### Records for processing
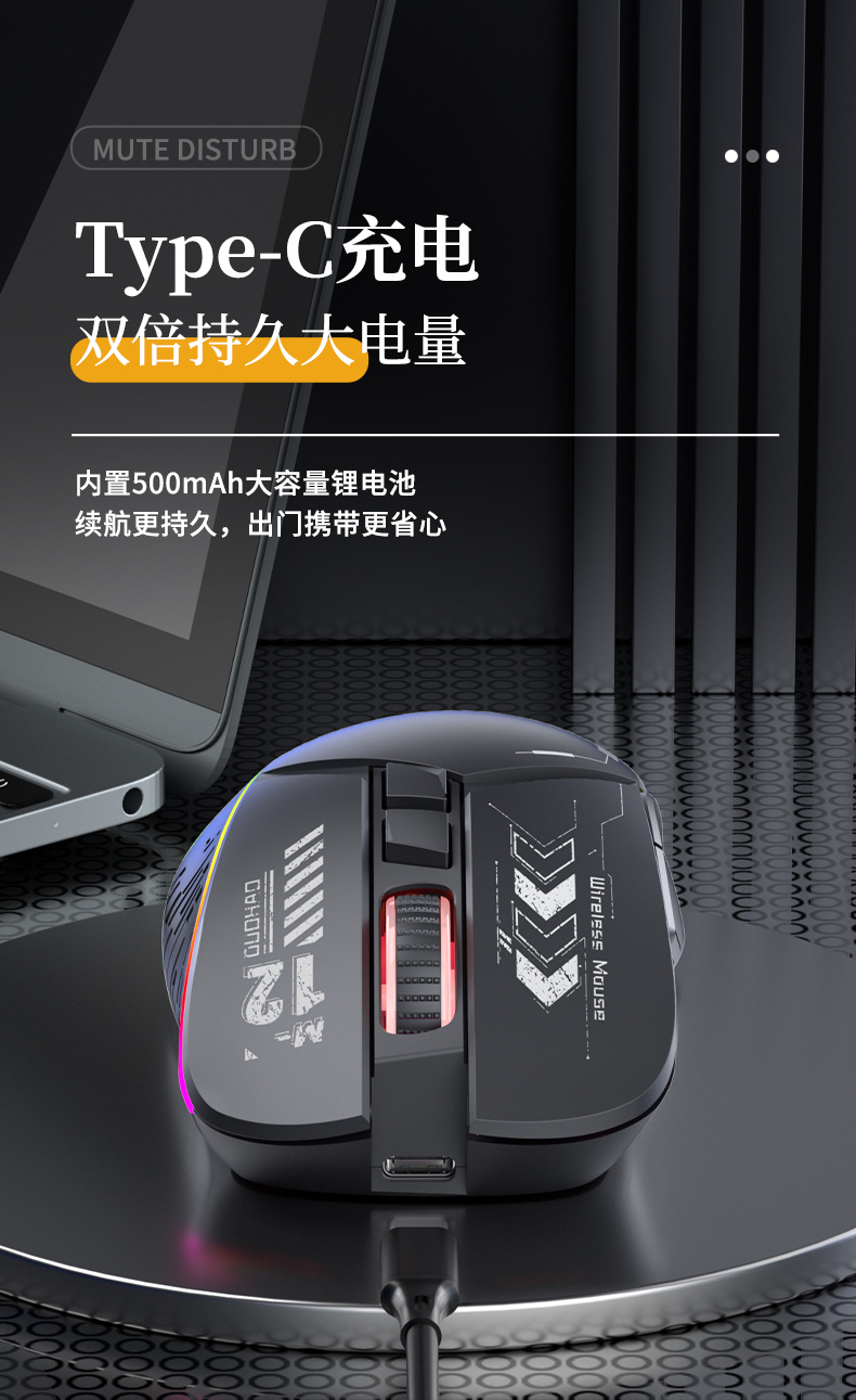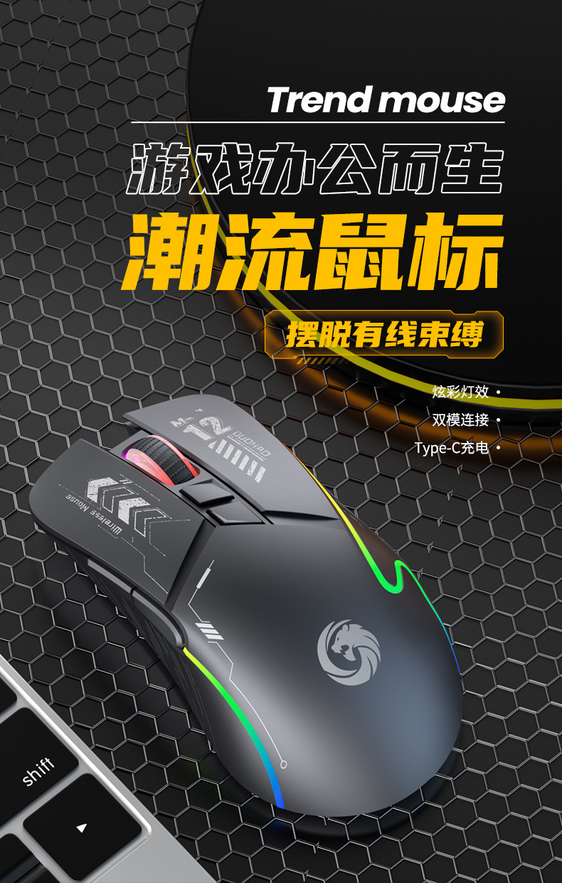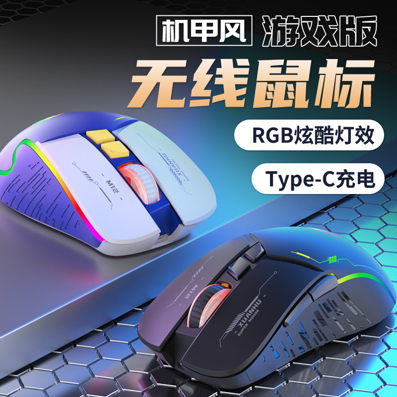 機甲風無線ゲームマウス電気競争発光bluetoothダブルモードtype-c充電静音コンピュータ汎用プライベートモード
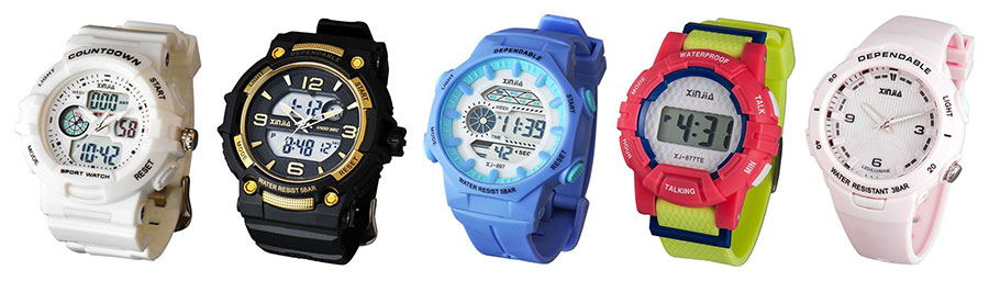 主要產(chǎn)品:“信佳”牌冷光防水運(yùn)動表、行針數(shù)顯二合一手表、計算器表、語音報時表、電子表、電子鐘
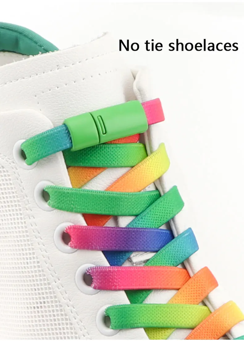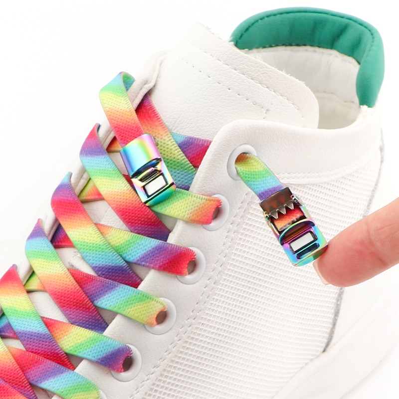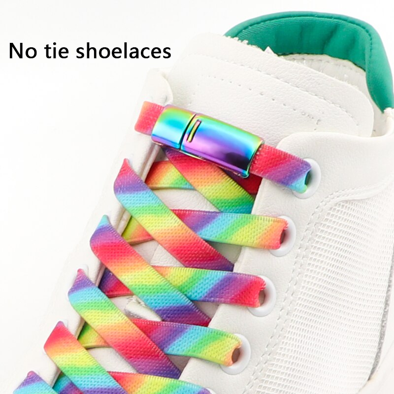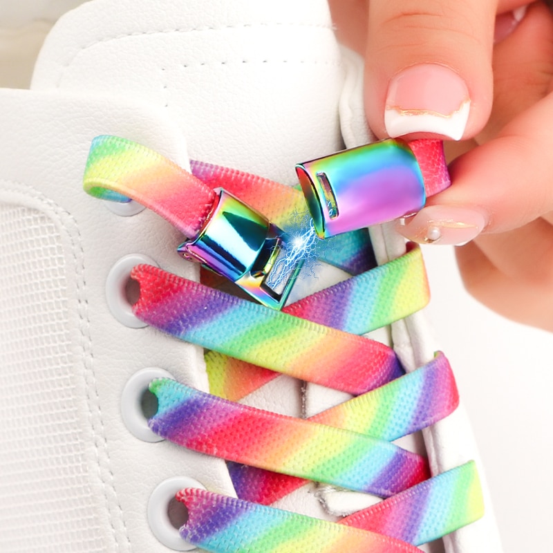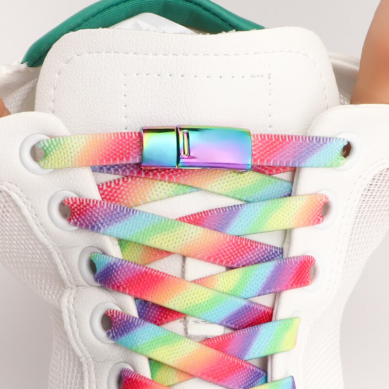 Rainbow Magnetic Lock Shoelaces Elastic Sneaker Laces Adults Kids 8MM Wide Flats Rubber No Tie Shoe laces Shoe Accessories
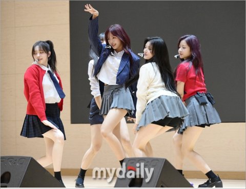 [마이데일리 = 화성(경기도) 한혁승 기자] 그룹 피프티피프티 하나(가운데)가 8일 경기도 화성시 송산동 안용중학교에서 열린 웹예능 '오늘 우리 학교는 시즌3' 현장공개에 멋진 공연을 선보였다.
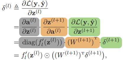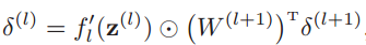 上面这个公式就是误差的反向传播公式!因为第l层的误差项可以通过第l+1层的误差项计算得到。反向传播算法的含义是:第l层的一个神经元的误差项等于该神经元激活函数的梯度,再乘上所有与该神经元相连接的第l+1层的神经元的误差项的权重和。

### Task prompt
The lines wanted run from the first one in the material above through the line containing "Rainbow Magnetic Lock"; give them again exactly, leaving out the pictures.

### Answer to this exercise
 機甲風無線ゲームマウス電気競争発光bluetoothダブルモードtype-c充電静音コンピュータ汎用プライベートモード
 主要產(chǎn)品:“信佳”牌冷光防水運(yùn)動表、行針數(shù)顯二合一手表、計算器表、語音報時表、電子表、電子鐘
 Rainbow Magnetic Lock Shoelaces Elastic Sneaker Laces Adults Kids 8MM Wide Flats Rubber No Tie Shoe laces Shoe Accessories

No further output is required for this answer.